In 2017, he was appointed as assistant head coach of Felda United F.C. After B. Sathianathan leaves his post as the team's head coach in November 2018, Nidzam were promoted to head coach position.

Selangor F.C. 
After 18 years later on 22 November 2021, Nidzam had officially returned to his "home" again Selangor F.C. and appointed as assistant coach for Head Coach Michael Feichtenbeiner.

On 9 August 2022, Selangor F.C. announced that the management and Michael Feichtenbeiner have mutually agreed to let go of his position as the First Team Head Coach of Selangor F.C. and continue the football development project as Selangor F.C.’s Sporting Director which he has held since 2020. In the meantime, the First Team Head Coach responsibilities will be taken up by the Assistant Head Coach, Nidzam Jamil as Interim Head Coach for the remainder of the 2022 Malaysian League season.

National team
Nidzam has played for Malaysia national football team, and the Malaysia under-23 team. Both teams he played for were then under the charge of Allan Harris.

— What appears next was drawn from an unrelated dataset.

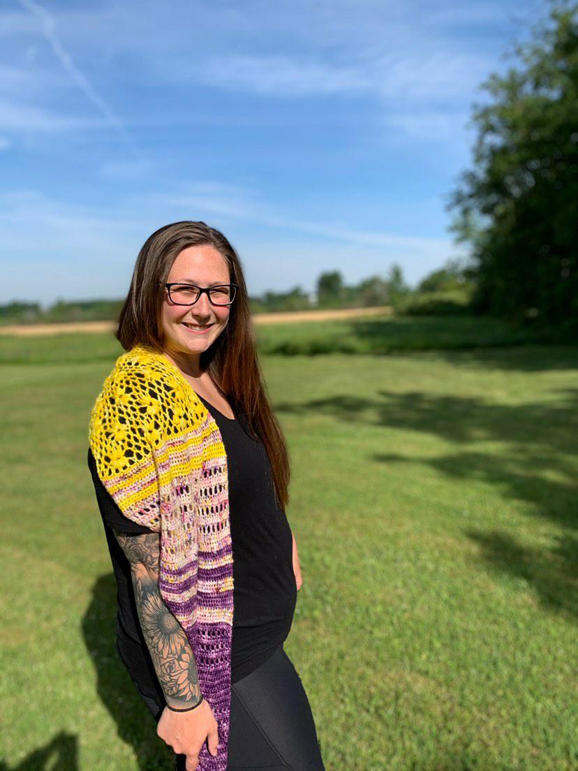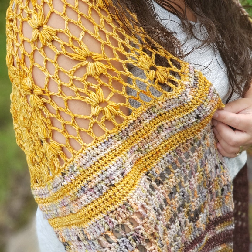 The gorgeous combination of simple stitches and colour changes create a visual masterpiece. The lace section itself draws the most focus, and for good reason. It is, in a word, STUNNING. This piece is very unique!

He scored his only international goal in the 2002 Tiger Cup competition, a penalty against Laos in the group stage.

International goals

Personal life
He also appeared in Malaysia satellite TV channel Astro Arena as football pundit or as guest commentator in their Malaysian football league programmes. His late brother Zaid Jamil was also a footballer and had represented Selangor and Malaysia.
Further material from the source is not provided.